Hours later, at 2 A.M., security guards detected a small fire; faulty electrical wiring had ignited storage materials in one exhibitor’s booth on the upper-level main exhibit area. The flames spread rapidly through flammable exhibit walls and materials, and although firefighters responded within 10 minutes, the mammoth building’s roof collapsed in less than one hour. Racing downward through other exhibit floors, the inferno spread throughout the building despite the efforts of 65 percent of Chicago’s Fire Department working in 16-degree cold. By the time the fire was declared extinguished at 9:46 A.M., the country’s largest exposition hall was a total loss.

In a few hours a year of work for the housewares industry went up in smoke. In dollar value the conflagration was more costly than the Great Chicago Fire of 1871. Had the flame erupted a few hours later when the Show was in progress, the loss of life would have been tremendous.

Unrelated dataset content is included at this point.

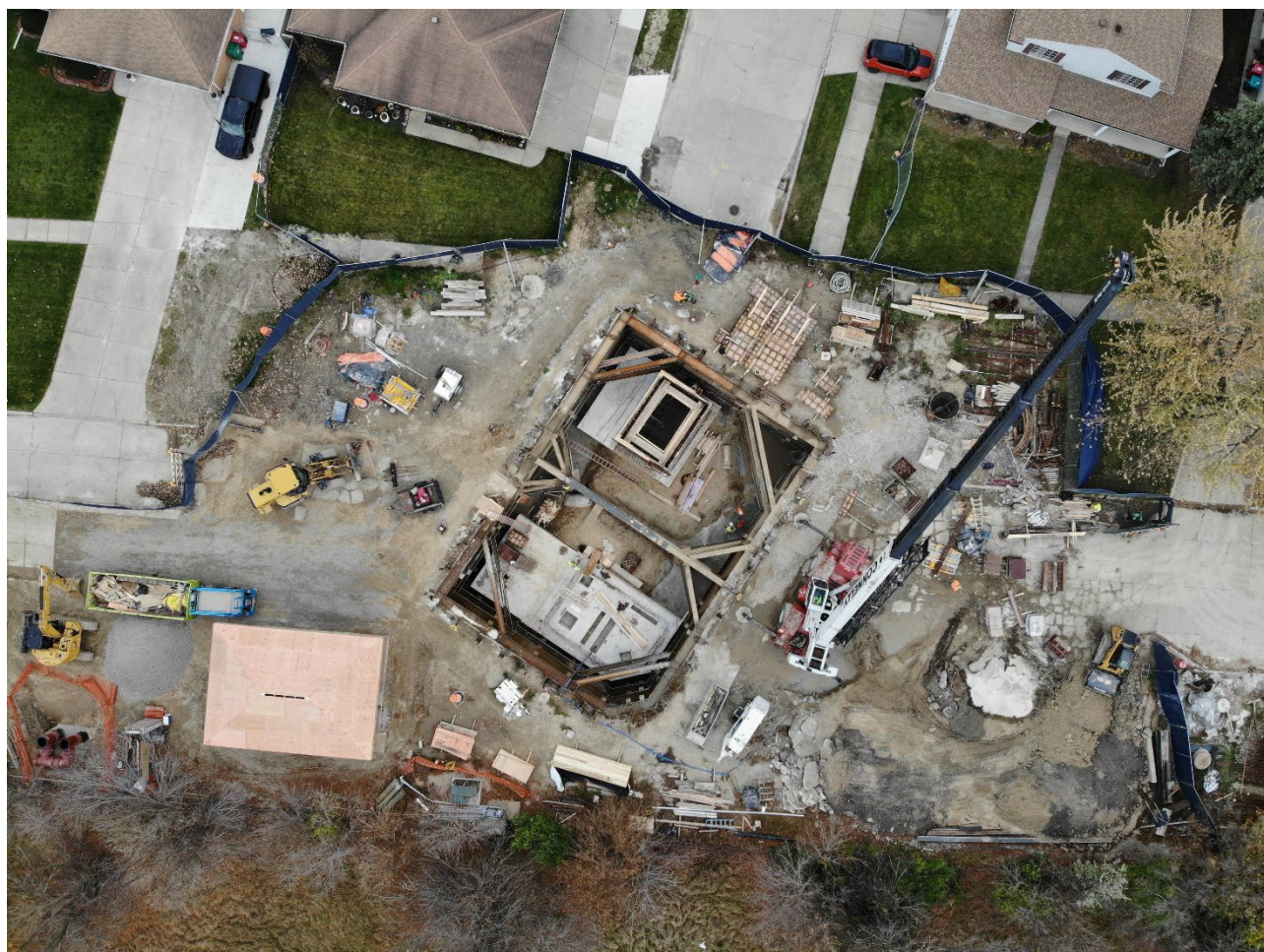
Figure 12 – Drone Aerial at 200 FT

Miraculously, only one person perished in this tragedy.
NHMA management convened at its Merchandise Mart office to mount a new Show as quickly as possible and to deal with the aftermath of the emergency. Aided by communications systems at hotels, radio stations, and TV broadcasts, buyers and sellers scrambled to find each other. Sales materials fortunately remaining in hotel rooms and product samples scooped up from Merchandise Mart showrooms and department stores had to substitute for exhibits worth thousands of dollars.
Several other cities stepped in to compete for the housewares trade show, but only Chicago had enough hotel rooms and the transportation systems to move 60,000 visitors in and out. Within a month, NHMA announced the Show would go on, at the International Amphitheatre on June 12-16.

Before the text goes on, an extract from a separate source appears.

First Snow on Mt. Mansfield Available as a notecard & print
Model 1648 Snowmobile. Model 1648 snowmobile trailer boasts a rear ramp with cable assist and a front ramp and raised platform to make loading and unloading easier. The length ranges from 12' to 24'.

Estimates varied on how much the disaster had affected business, but it was clear that small companies suffered the most from the loss of sales contacts.
An Era Of Change

A new McCormick Place rose from the ashes of the old, and in January 1971, the 54th International Housewares Show “came home” to inaugurate the exposition center. Three levels of exposition space, 700,000 square feet in all, replaced the former facility’s 480,000 square feet. Still, the Show needed to grow. In 1979 the West Building (Donnelley Hall) was pressed into service for new housewares exhibitors with an extra day to attract buyers. During the 1980s, adjusting to the buying cycles of major retailers; the Association experimented with Show dates in spring in Chicago and fall in Atlanta. McCormick Place’s new North building added 300,000 square feet in 1986 to a Show that occupied three buildings.

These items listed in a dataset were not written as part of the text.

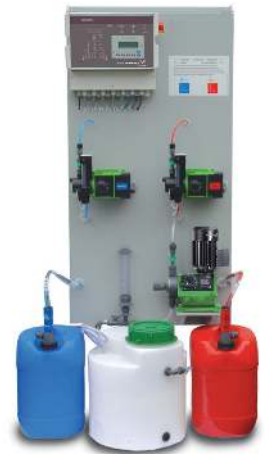
Oxiperm 164 C prepares \text{ClO}_2 from concentrated solutions.

\text{ClO}_2 generators can be easily connected to your existing building management systems and controllers to monitor and record treatment.
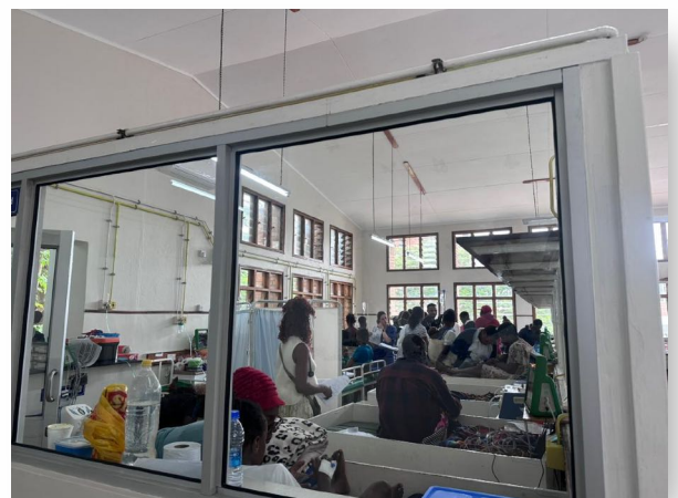
HDU section back in action
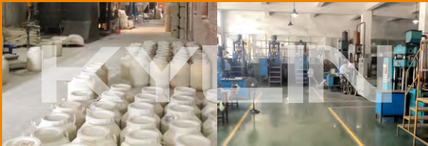
Spraying & granulating
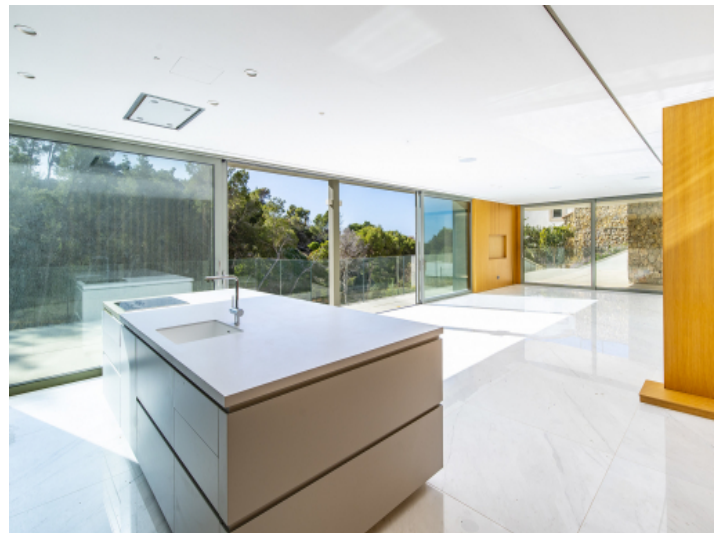
Open living and kitchen area

In 1991 NHMA moved to a new quarters in Rosemont near O’Hare Airport. The show changed its title several times, most notably from the “National Housewares Exposition” in the ’80s to the “International Housewares Show” in 1992, when it became a single annual January Show in Chicago. Other trade shows offered access to diverse retail channels for the great variety of housewares products. While the industry’s need for a trade show venue was served by a single event per year, NHMA developed a menu of services assisting members in the operation of their business. By 1996 the International Housewares Show ranked as the seventh largest trade event in the U.S., filling 791,000 net square feet of exhibit space. In 1997 the International Housewares Show opened in the grand new South building of the McCormick Place complex. Over 2,000 exhibitors occupied space in the nation’s largest convention hall, with newly-categorized displays in three buildings on Chicago’s lakefront. In effect, the largest Housewares Show in the world had another new home.
In 1999 recognizing the inevitable globalization of the homegoods industry, NHMA became the International Housewares Association and early in the new century rechristened the Show as the International Home + Housewares Show whose goal as confirmed by IHA’s Board and Retailer Advisory Councils is to be the complete homegoods and housewares marketplace.